To do this, it will need to load an API key from the LLM provider like OpenAI. The app will use this key to change the data on the device, without revealing your credentials to any third-party services. This is how prompt applications normally work: they keep your data private and secure. Below, we will explore three main methods to filter ads using such an app.
- Processing the response
The first method is to wrap the chatbot’s response in another prompt and process it with a “clean” LLM:
The main upside of this approach is its versatility. As we process the response, we don’t care how the LLM is integrated into the application: it can be through embedding, fine-tuning, or even adding promotional text at the end of the response without the use of AI.

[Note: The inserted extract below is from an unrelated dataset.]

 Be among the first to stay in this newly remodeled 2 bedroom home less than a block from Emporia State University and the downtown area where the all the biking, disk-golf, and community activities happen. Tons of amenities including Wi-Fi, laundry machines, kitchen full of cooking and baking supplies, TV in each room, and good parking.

The downside of this approach is its cost: every user query is accompanied by another request to the LLM.
- Processing the user query
We can also try to “hide” instructions to not show ads inside the user query. In this case we will not have to make additional requests to the model, but we need to keep in mind that our instruction will be buried inside the service instruction as user input:
In this case prompt injection does not require additional processing, and, consequently, takes less time. This method is simpler and more cost-effective, but also less reliable, because the service request template may feature special constructs to protect against manipulation with the user input. Besides, this approach will be useless in stopping ads added to the chatbot’s responses without the use of AI.
- Setting the context
Another way to avoid ads from services that use LLMs is to tell a LLM at the start of the conversation that it should not show any ads in its responses. You can do this by using a prompt that tells the LLM to act as an “ad eliminator.” This is similar to telling the LLM to act like a certain character, such as Buddha or Darth Vader. This method is even cheaper than changing the data on your device; however, it has a drawback: the amount of context that the LLM can use is not infinite due to the API provider’s limitation. In plain words, the context is limited by the number of messages in the conversation, so you might need to repeat the prompt from time to time.
Highlight is ours
Conclusion
The advent of AI-powered chatbots brings with it the potential for intrusive advertising that can detract from user experience. By understanding how ads are integrated and exploring the use of AI to block them, we can protect users. In this article, we have discussed some ways to block ads in AI-powered chatbots. We have seen that there are different trade-offs between the methods, such as cost, speed, and reliability.
One possible method that we did not cover is to use a specialized solution based on machine learning, which will be designed specifically to detect and remove ads from text. The important thing is that it would not rely on the OpenAI model, but rather on its own custom-built model. This solution would be more efficient than using a general purpose LLM. However, it is still hypothetical and may not be feasible or available in the short term.
While there may be more focused solutions in the future, processing the response returned by the service appears to be the best option as of now. This method is more reliable than embedding instructions in the user’s request, but it also requires more resources.
As demonstrated, embedding is a fairly simple technique that can be used by advertisers without much technical expertise. This also means that it is vulnerable to abuse. Therefore, we need to think ahead and find new ways to deal with LLM-based ads, and we hope that insights presented in this article will spur further research in this field.